Parallel Shell Utilities
The most fundamental tool needed to administer a cluster is a parallel shell, which allows you to run the same command on a series of nodes.
There are 3 popular ways to perform parallel actions on HPC clusters:
- Using a shell script
- Using Pdsh
- Using ClusterShell
No extra installation is needed to use the shell script method but you’ll have to install Pdsh and ClusterShell if you want to use them. The OpenHPC stack comes with them pre-packaged. I won’t be going over how to install them, but installation is simple with provided package managers.
Before we dive into these 3 methods, its important to note that you should have ssh set up to authenticate with ssh keys, instead of a password for this to work. Don’t skip this, or your’ll have to enter your password way too many times!
Using a shell script
This method can be done with any scripting language, but I’ll use bash.
Create a script that you want ran:
#!/bin/bash
# You will need to run this script on a passwordless account!
for NODE in node1 node2 node3
do
ssh $NODE uptime
done
And run it with sh your-script.sh
. This will run your command on all nodes, one at a time, printing everything to the screen.
Using Pdsh
“Pdsh is a multithreaded remote shell client which executes commands on multiple remote hosts in parallel.”

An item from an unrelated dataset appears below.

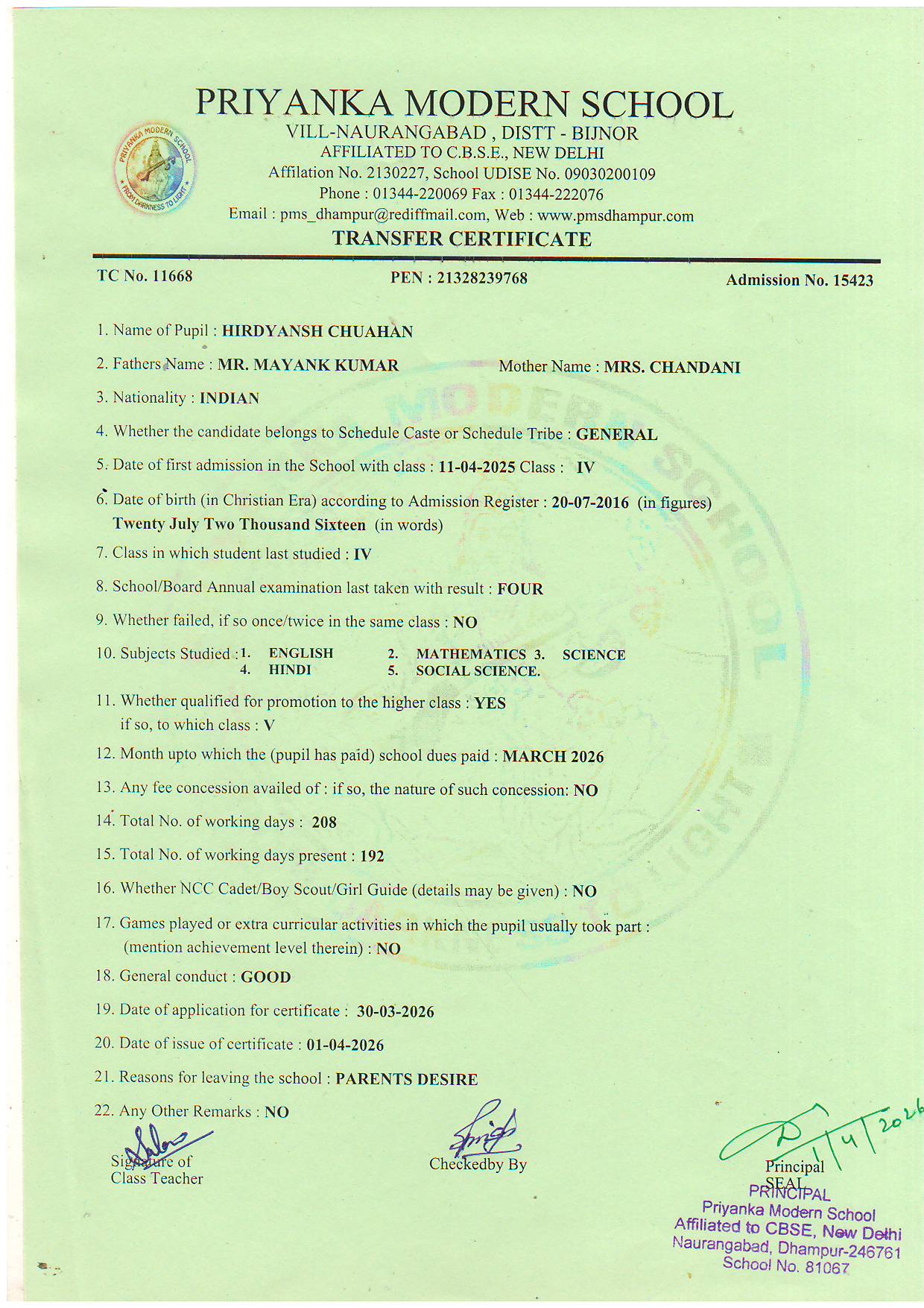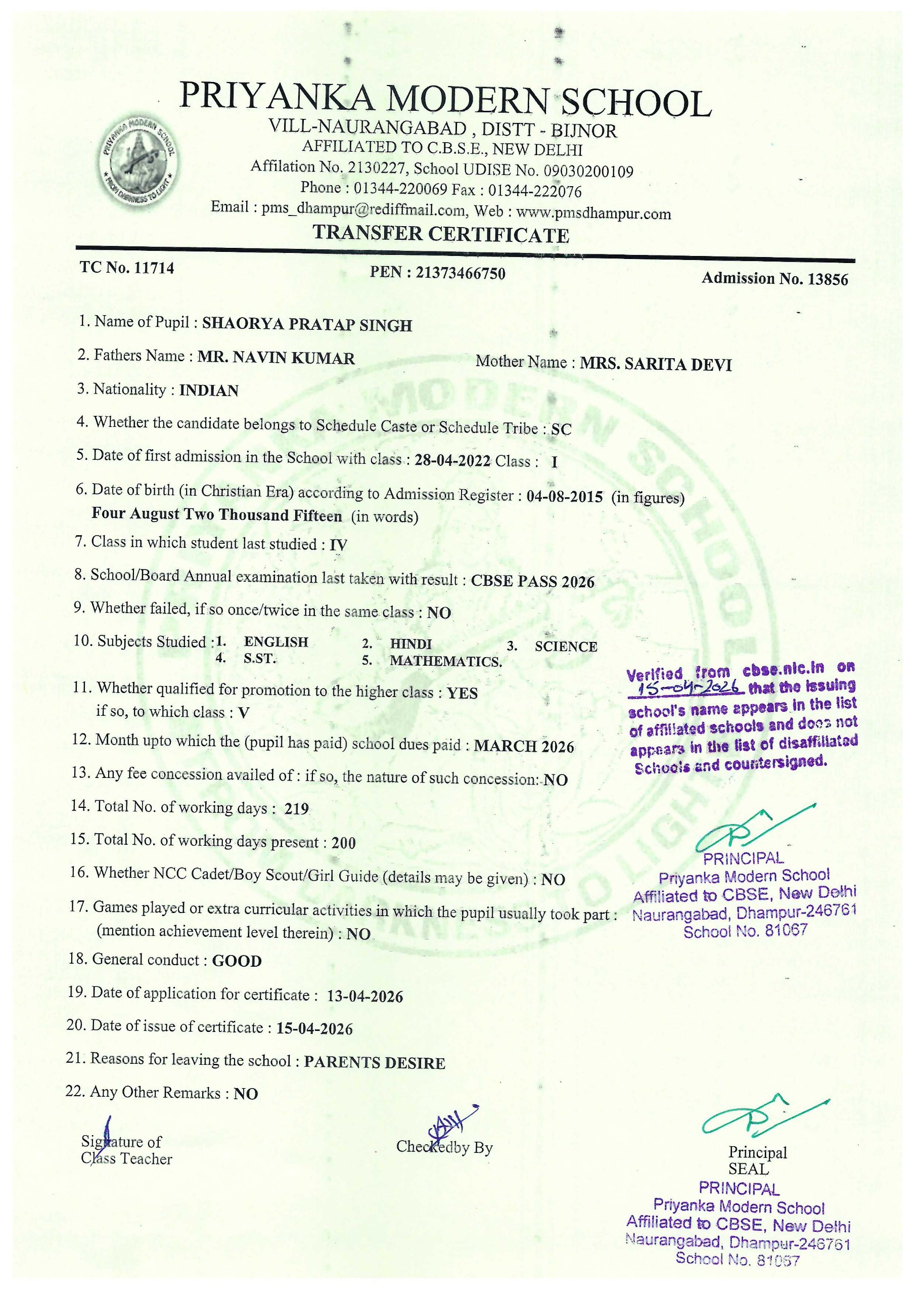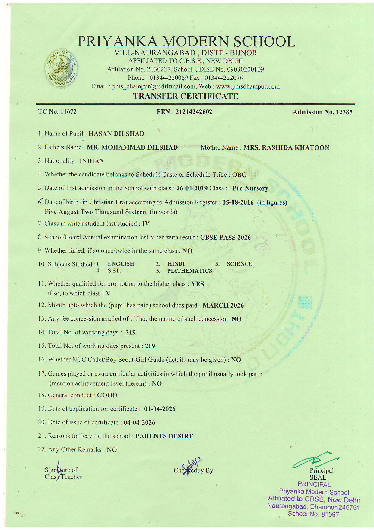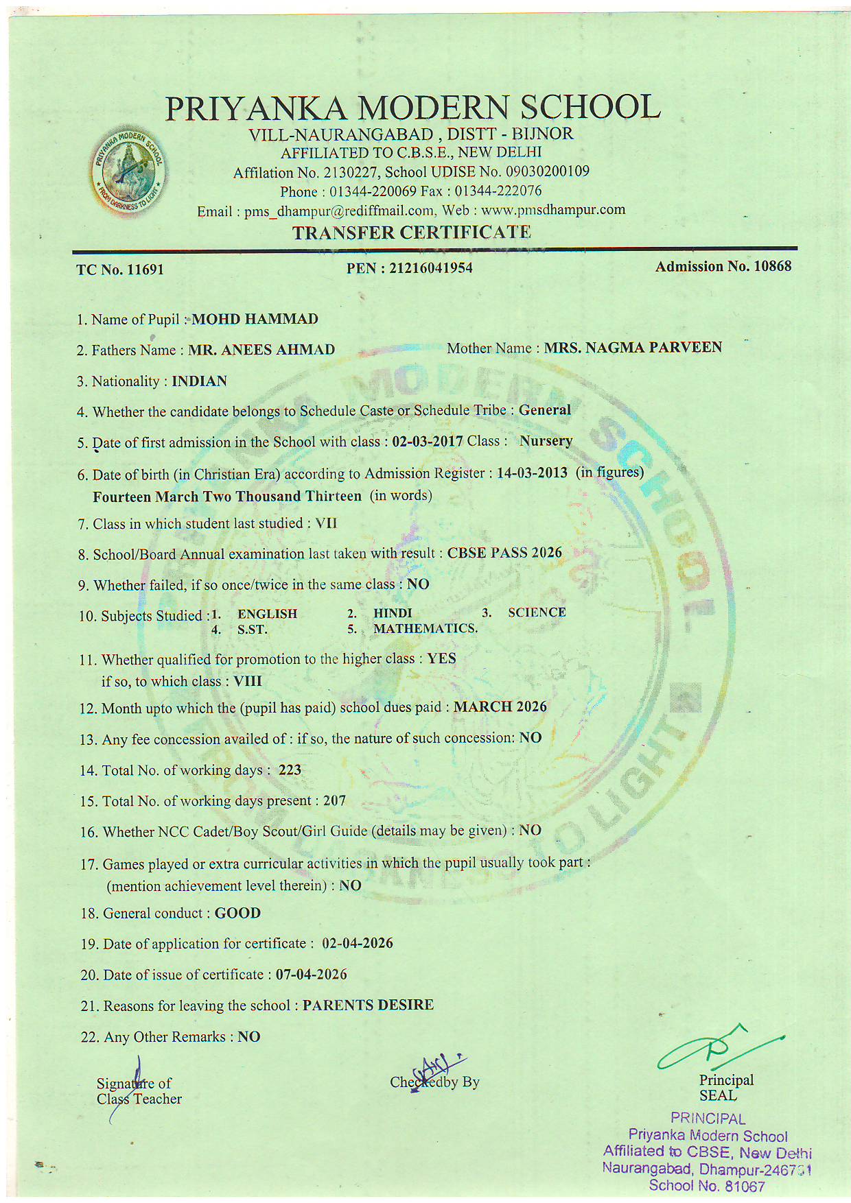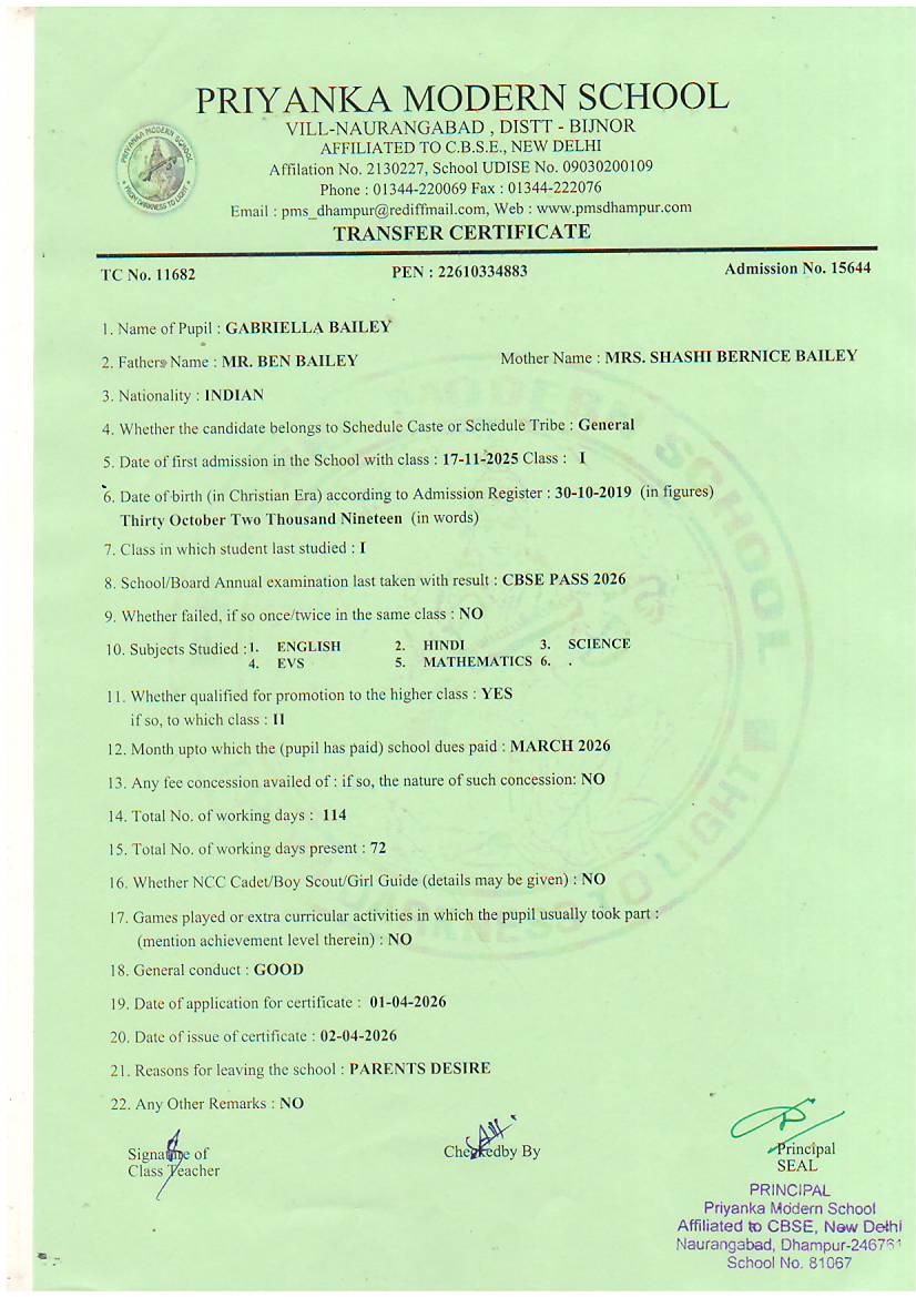 TCs issued by PMS Dhampur

Using pdsh is simple enough:
# perform th uptime command on node1, node2, node3 and node 4
$ pdsh -w node[1-4] uptime
node1: 19:01:18 up 1 day, 19:19, 1 user, load average: 0.29, 0.57, 0.53
node2: 19:11:25 up 1 day, 19:19, 1 user, load average: 0.29, 0.57, 0.53
node3: 19:19:11 up 1 day, 19:19, 1 user, load average: 0.29, 0.57, 0.53
node4: 19:20:45 up 1 day, 19:19, 1 user, load average: 0.29, 0.57, 0.53
Using ClusterShell
ClusterShell is built and maintained by CEA-HPC and claims to be effective on supercomputers with 5,000 compute nodes. Using ClusterShell is very similar to pdsh
$ clush -w foo[1-5] echo "Hello World"
ClusterShell does some merging of outputs and does a better job of handling hanging nodes than pdsh.